Municipal governments are usually divided into several administrative departments, depending on the size of the municipality. Though municipalities differ in the division of responsibility, the typical arrangement is to have the following departments handle the following roles:
- Urban planning and zoning:
- Public works: construction and maintenance of all municipality-owned or operated assets, including the water supply system, sewer, streets, snow removal, street signs, vehicles, buildings, land, etc.
- Parks and recreation department: (construction and maintenance of) public parks, common areas, parkways, publicly owned lands and so on. Also, operation of various recreation programs and facilities. This department often operates as a regional entity with its own tax authority and governmental structure.
- Fire department
- Accounting / Finance: collects taxes owed by the municipality, incorporates human resources department for municipal workers,
- Legal: handles all legal matters including writing municipal bonds, verifying the municipality is in compliance with state and federal laws and mandates, and responding to citizen lawsuits where the municipality is a named party. Being named in a lawsuit may mean the municipality is a defendant, plaintiff, jointly with another entity or just by itself. Typical legal actions include: someone falling on publicly-owned sidewalks suing the municipality for negligence in failing to make the sidewalk safe to walk on; a municipality annexing land; etc.
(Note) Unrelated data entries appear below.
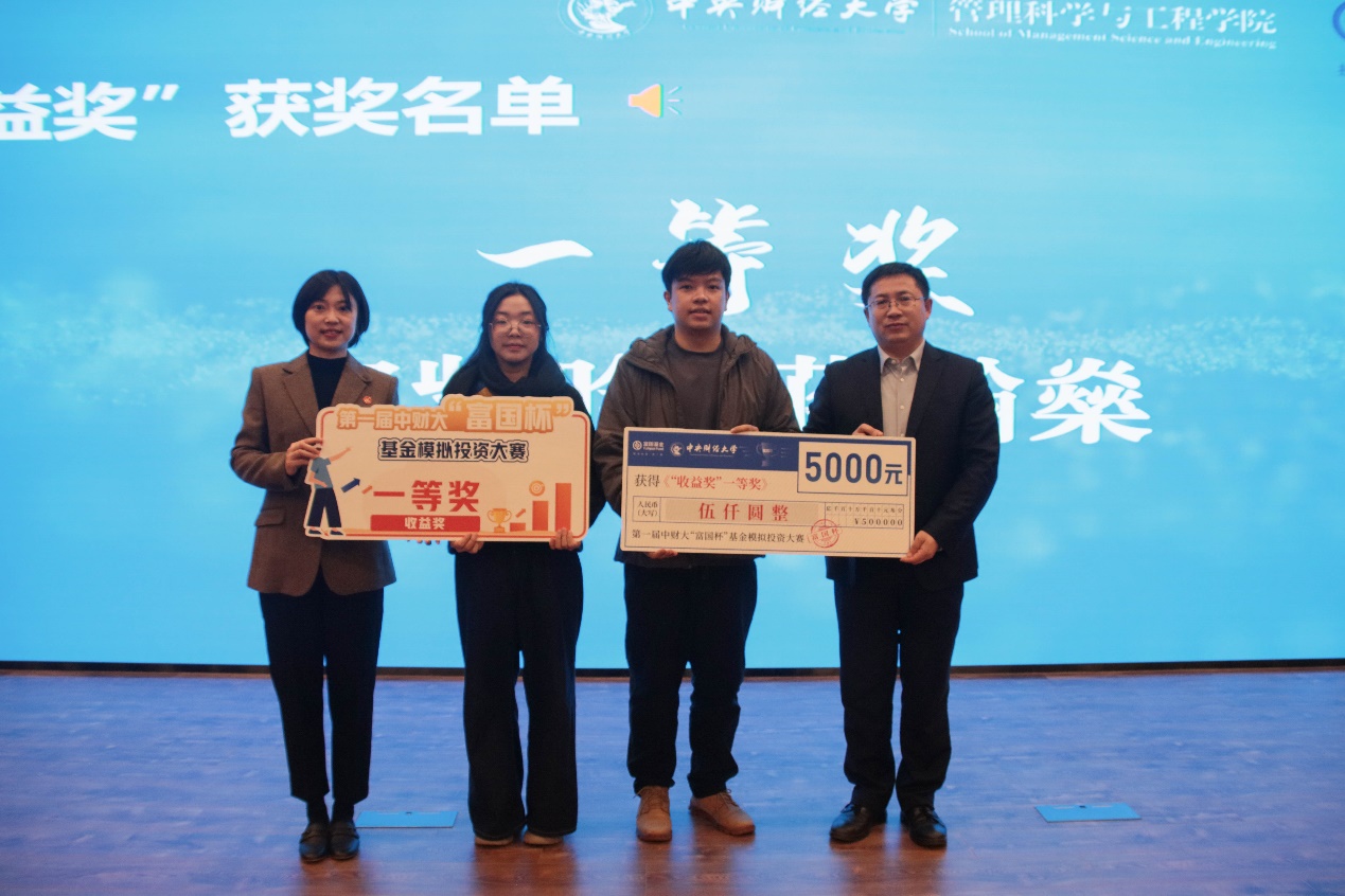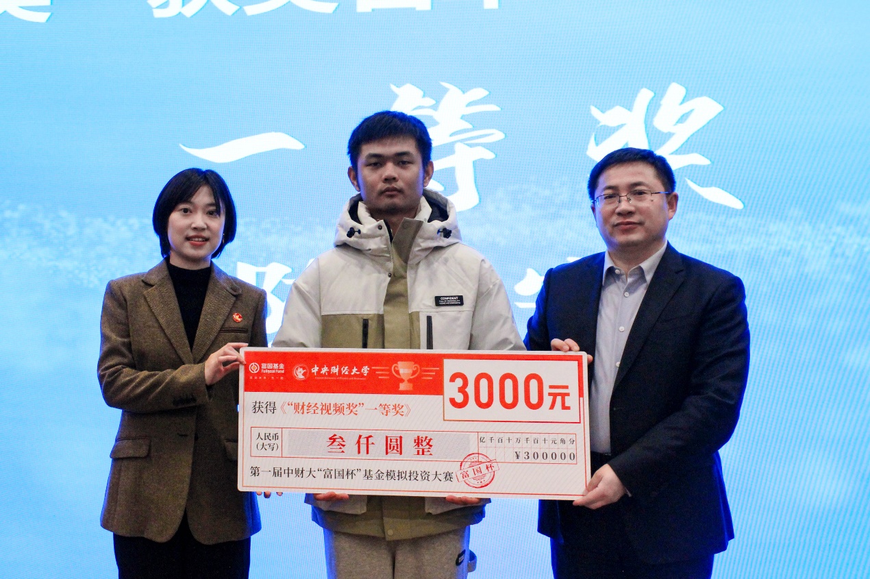 颁奖环节中,主持人宣读了中财大“富国杯”基金模拟投资大赛第一届全程赛“收益奖”和“财经视频奖”的获奖选手名单,由嘉宾依次为获奖同学颁发证书,并与获奖同学合影留念。
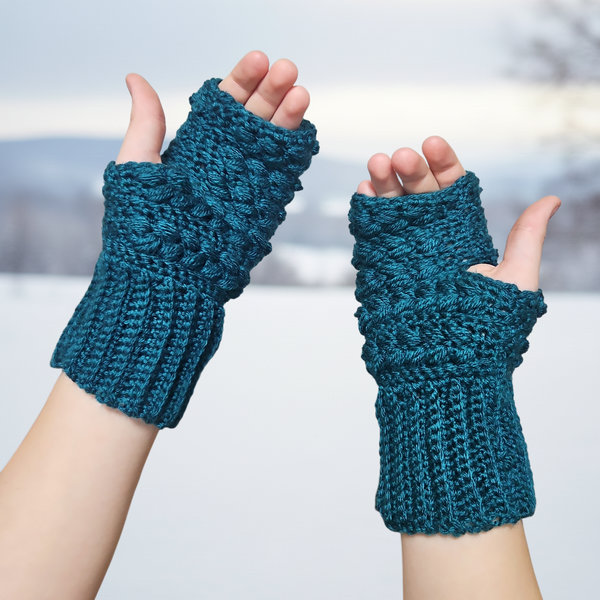 Háčkovaný návod na rukavice bezprsťáky s obilným puffkovým vzorem je skvělým projektem pro vytvoření praktického a stylového zimního doplňku, který zahřeje ruce a zároveň ponechá prsty volné pro telefon, kočárek nebo běžné denní činnosti. Plastický obilný vzor s nadýchanými puffky dodává rukavicím výraznou strukturu a elegantní vzhled, který krásně vynikne z příze Everyday a snadno se kombinuje s čepicí či nákrčníkem ve stejném stylu.
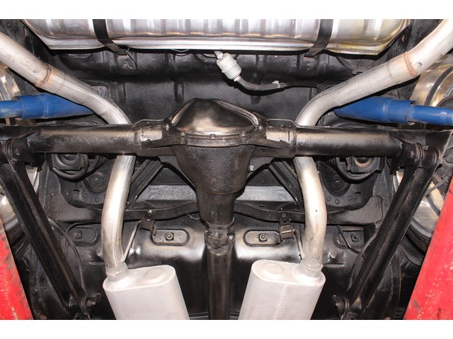 Finally, we will take a look at the heartbeat of the Chevy. Under the hood it has a 327 V8 that is mated to an Automatic Trans and 10 Bolt Rear End. It has been dressed with an Aluminum Intake and Edelbrock Carb. Other than that it looks stock and appears to have new wiring. This beauty comes with Power Steering, Power Brakes, and Working Factory AC. The bottom looks every bit as solid as the top with good floor and frames.
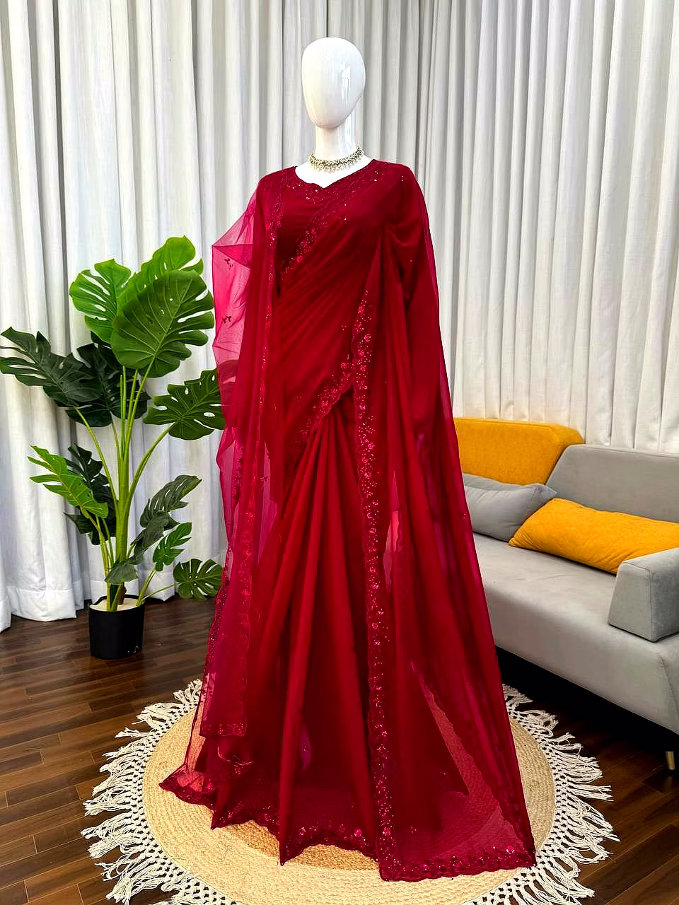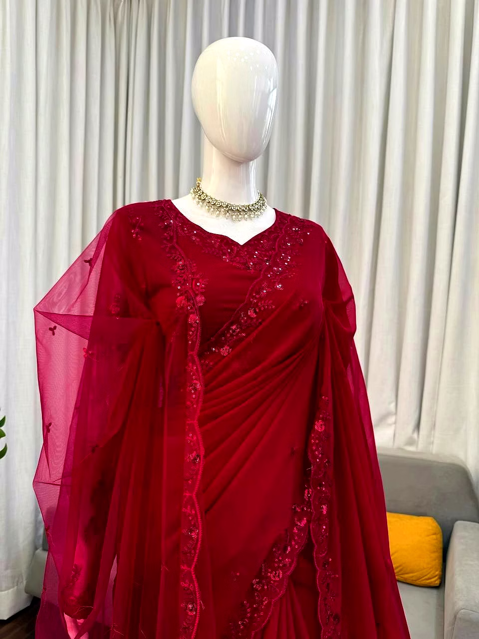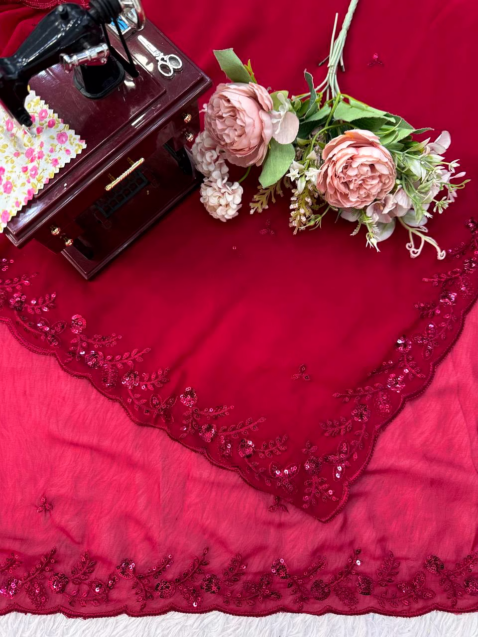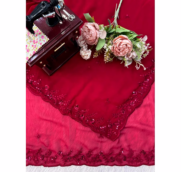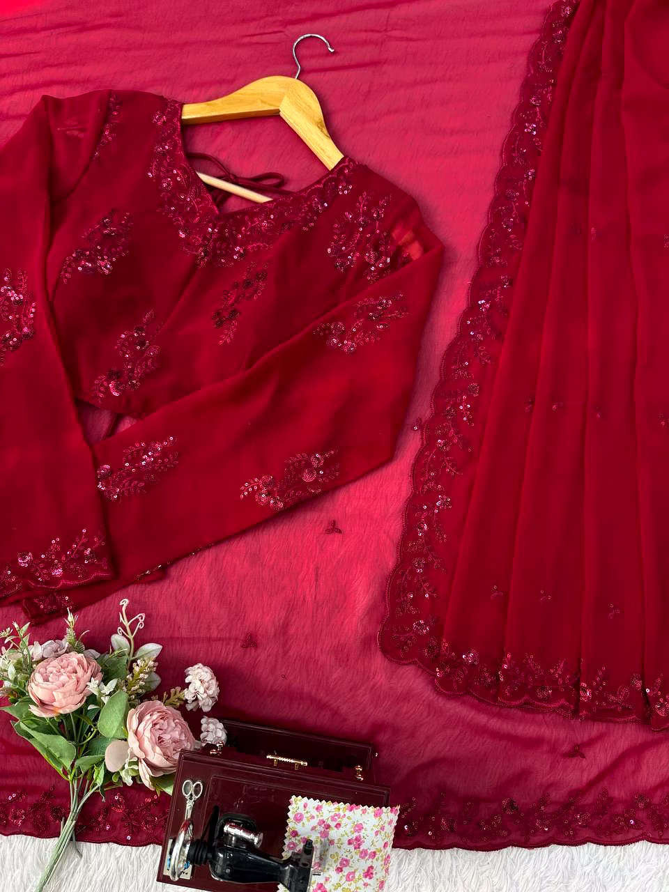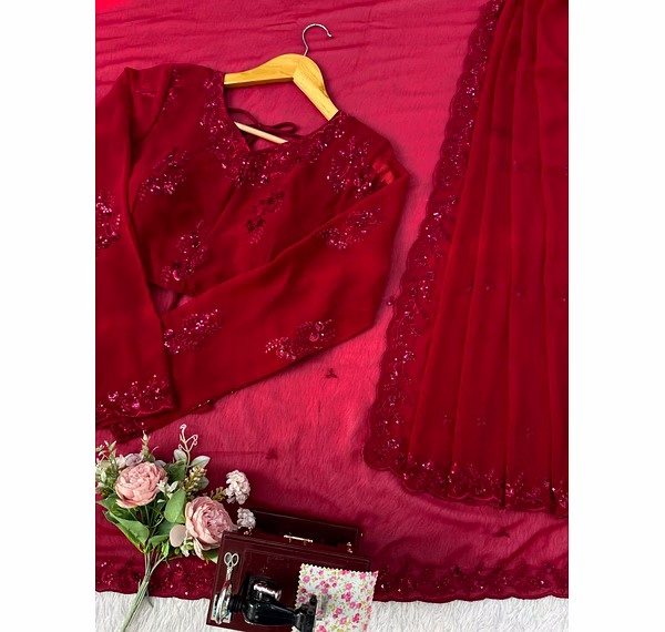 Elevate your style with our stunning Red Georgette Saree adorned with intricate Sequence Work. This elegant saree blends traditional charm with contemporary flair.
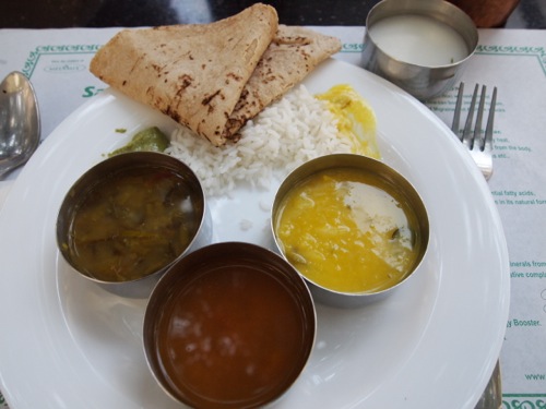 バンガロール市街南部に、Sanjeevanamというアーユルヴェーダの診療所がある。そこに隣接されたヴェジタリアンレストランが、アーユルヴェーダの処方に則(のっと)った料理を出すらしいとのこと。

- Transport (varies widely): If the municipality has a public bus or light rail service, this function may be handled by its own department or it may be folded into another of the above departments or a special-purpose authority may be established to administer services applicable to multiple municipalities.
SimCity Concepts and ObjectivesEdit
Many of the concepts used in modern urban planning, as well as municipal government, have been carried into SimCity. The objective of SimCity, as the name of the game suggests, is to build and design a city, without specific goals to achieve (except in the scenarios, which typically require the player to achieve a certain population or bank balance in a given period of time). The player can mark land as being zoned as commercial, industrial, or residential, add buildings, change the tax rate, build a power grid, build transportation systems and many other actions, in order to enhance the city. Also, the player can face disasters: flooding, tornadoes, fires, riots, earthquakes, etc. Later disasters included lightning strikes, volcanoes, meteors and attack by extra-terrestrial craft. In the Nintendo and later versions one can also build rewards when they are given to them, like the mayor's mansion and the casino for gambling Sims.
Basic SimCity conceptsEdit
In SimCity, there are a number of real life City Planning and Municipal government concepts to learn:
- Population: How many Sims are in a city
- Simoleans: Your money. You spend this whenever you do something.
- Taxes: Simoleans taken from your Sims on a yearly basis to replenish your City's Simoleans
- Ordinances: Various laws that can be enacted/repealed at anytime. Some give you money ("Legalized Gambling" allows gambling, however, all casinos have to pay you), others take money. They also have different effects on your population, and will make some happy and others mad.
- Tile: The basic unit of measure in SimCity. Also refers to the isometric "squares" in the game.
- Zone: This is where Sims will build. The three main types are Residential, Commercial, and Industrial. Each Zone has different effects: placing Dense Industrial next to a Light Residential will probably get some Sims angry about the intense dust.
- Transportation: A tile that allows Sims to get from one place to another. They are obviously connected to each other. People will only build a certain amount of Tiles from a transportation tile.